Would You Prefer to be Paid for Time, Results, or Commitment?

by Jessica Sommerfield · 0 comments

I recently read an article written by someone who is self-employed, works at least 60 hours a week, and finds no need to separate “work” and “life,” because he very much feels alive while doing his work. We all dream of this kind of job — one that helps us find what we were meant to do, what makes us click perfectly into place. While this is the ideal, it’s not always possible at certain stages in our lives. After all, starting out in our careers, we may need to do some menial jobs or work our way up the ladder to the position we want. What you may take for granted, however, is how you are compensated. In the traditional 9-5 world that was the status quo previous to this century, the average person worked 40 hours per week for a particular wage per hour, and overtime or time and a half on weekends. Now, the work world has vastly changed, with many people working remotely from their home office instead of in a cubicle, or performing tasks that can’t really be measured in terms of hours or stacks of paperwork. Considering the rapid change in how the world “works,” do you think it’s time to adjust our mentality about the basis for compensation, as well?
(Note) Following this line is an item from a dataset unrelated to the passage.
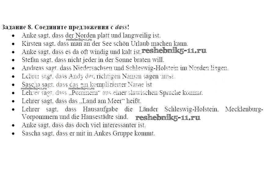 Готовая домашняя работа с ответами по Немецкому языку за 8 класс Радченко, Хебелер Учебник Alles Klar! Дрофа 2015 ФГОС - Урок 4. На севере Германии 8

For instance, considering the nature of freelance work in many fields, remote access, and flexible work hours around the clock, someone might be able to perform the same amount of work in a day that an on-site, 9-5 worker takes an entire week to complete. This doesn’t mean the on-site worker is slacking; it merely shows the affect of changing work environments. If paid per hour based on work tasks completed, this would be unfair to the person who did the same job but took less time to do it.

Performance-based compensation also has its flaws. The concept of paying people more the more they are able to do or the more money they bring into the company seems like a fair and motivating approach. Unfortunately, human nature eventually comes out, and people find the quickest way to win the prize with the least amount of effort, and certainly don’t go above and beyond what it takes to get the bonus or commission they’re promised. Instead of motivating, it often creates greed, unhealthy competitiveness, cheating, and stifles  creativity and ingenuity (after all, experimenting or taking risks would endanger winning the ‘prize’).

A new approach that is gaining popularity is pay based on commitment level. Since commitment level can seem like an arbitrary term, this is usually spelled out into literal levels, which are each defined based on how much of your income is brought in from the job and what level of priority it is in your daily life.  For instance, you would be at the top level of commitment if your job is your sole source of income and you place commitment to it over obligations to any other side jobs or work commitments.  Ultimately, your boss would have the deciding opinion on which level you represent based on your level of involvement, and determine pay accordingly. In this sense, if a particular job is only part of your total income and you don’t devote much of your time to it, your commitment level is low (this isn’t necessarily a bad thing. You may have chosen this level of commitment because of other priorities).

After learning about this new method of compensation, what would gauge your current level of commitment to your job? If you were to be paid accordingly, would you be happy? Do you think businesses of the future will eventually go this route to increase productivity, reduce overpaid underperformance, and encourage the type of commitment that ensures people love their job and value the time they put into it?